Another key militant ‘to embrace amnesty’

A key Nigerian oil militant, Farah Dagogo, is expected to embrace the government’s amnesty programme in the next few days, the local press reported Friday, quoting his law yer.

The report said Dagogo, the commander of the Movement for the Emancipation of the Niger Delta (MEND) in the Eastern Delta, would surrender along with 12 junior commanders of the main militant group and 3,000 fighters.

Dagogo’s lawyer, Wilson Ajunwa, said his client had been in touch with the amnesty committee as well as the presidential adviser on Niger Delta, Timi Alaibe.

The report of the planned surrender of the key militant could not be independently confirmed.

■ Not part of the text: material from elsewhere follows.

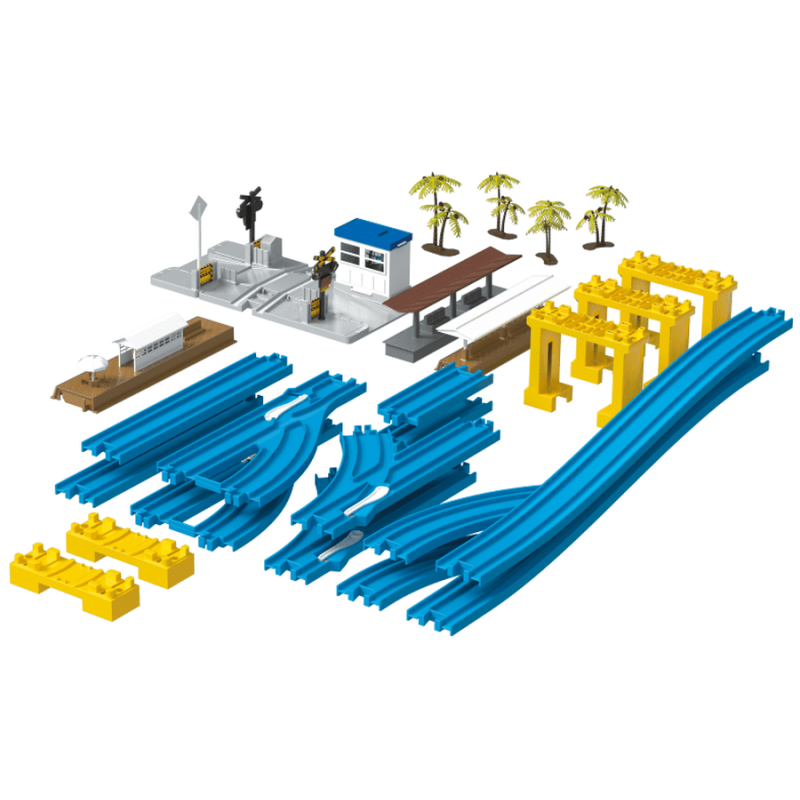 • Огромный набор аксессуаров Dumica, состоящий из 72 элементов, включая железнодорожные пути, ландшафтные элементы, железнодорожный переезд и зал ожидания.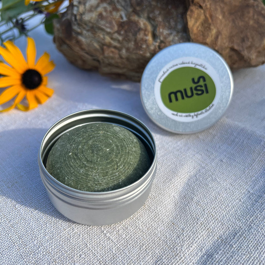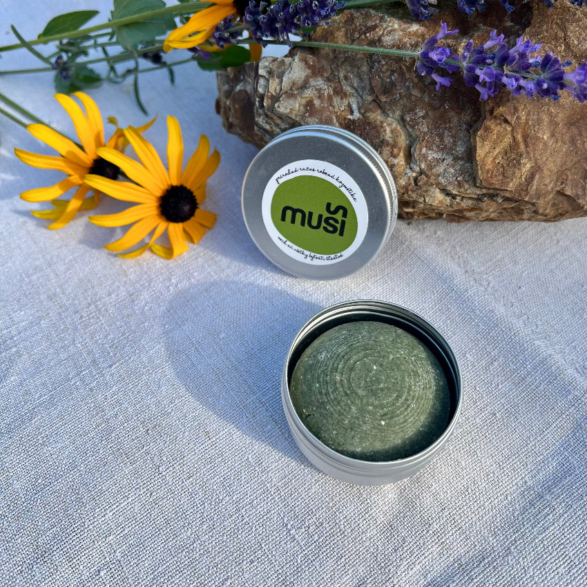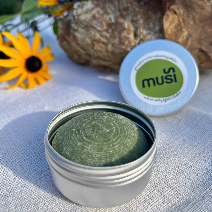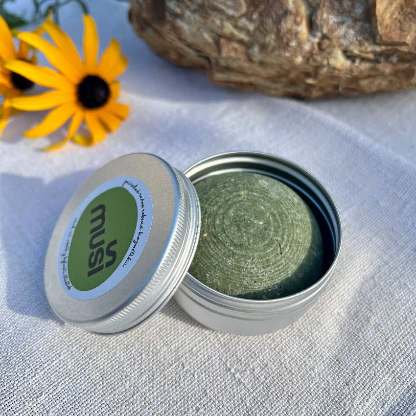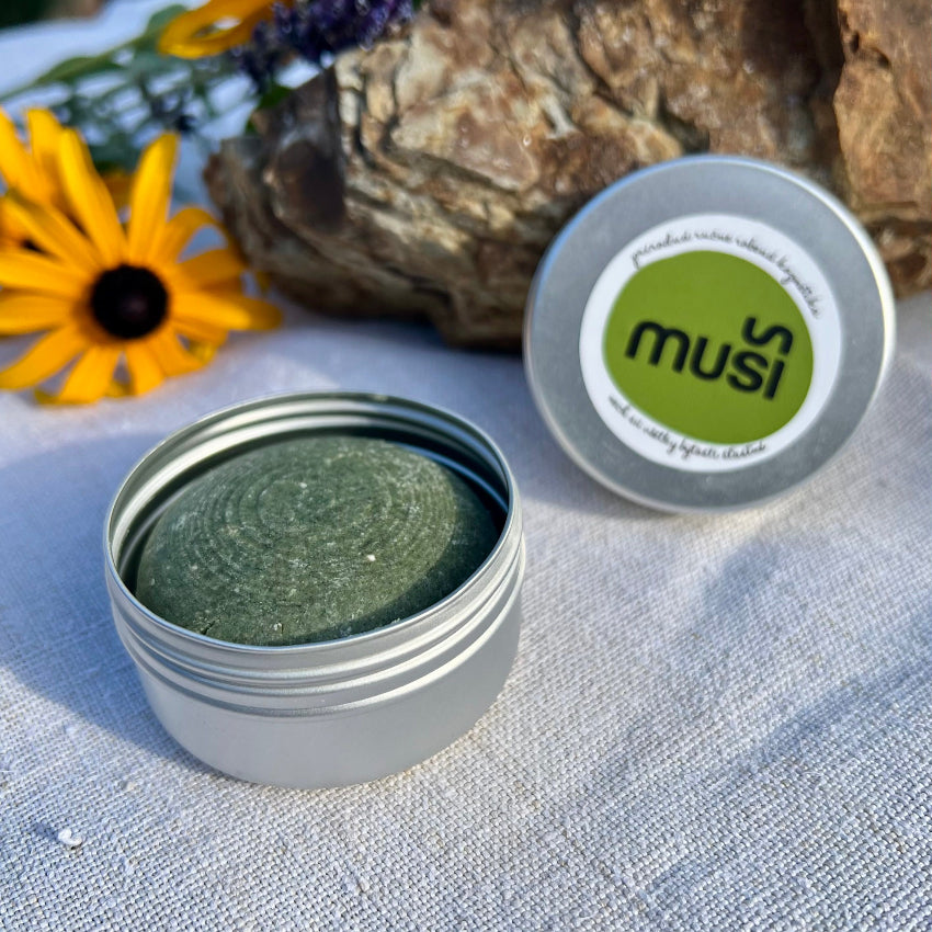 Hliníková dóza na tuhý Muši šampón

However, MEND had earlier denied that Dagogo was in Abuja, Nigeria’s capital city, for consultations with the federal government over the 60-day amnesty deal, which took effect 6 August.

Another key MEND commander, Ebikabowei Victor Ben, also known as General Boyloaf, embraced the amnesty 22 August, when he and six other militants a total of 520 assorted guns, 95,970 rounds of ammunition and 14 gunboats at a public ceremony in Yenagoa, capital of Bayelsa state in the oil-rich Niger Delta region.

Boyloaf, the Bayelsa state commander of MEND, had broken ranks with his group, which has so far shunned the amnesty.

MEND leader Henry Okah has also taken the amnesty offer, but his group has promised to fight on.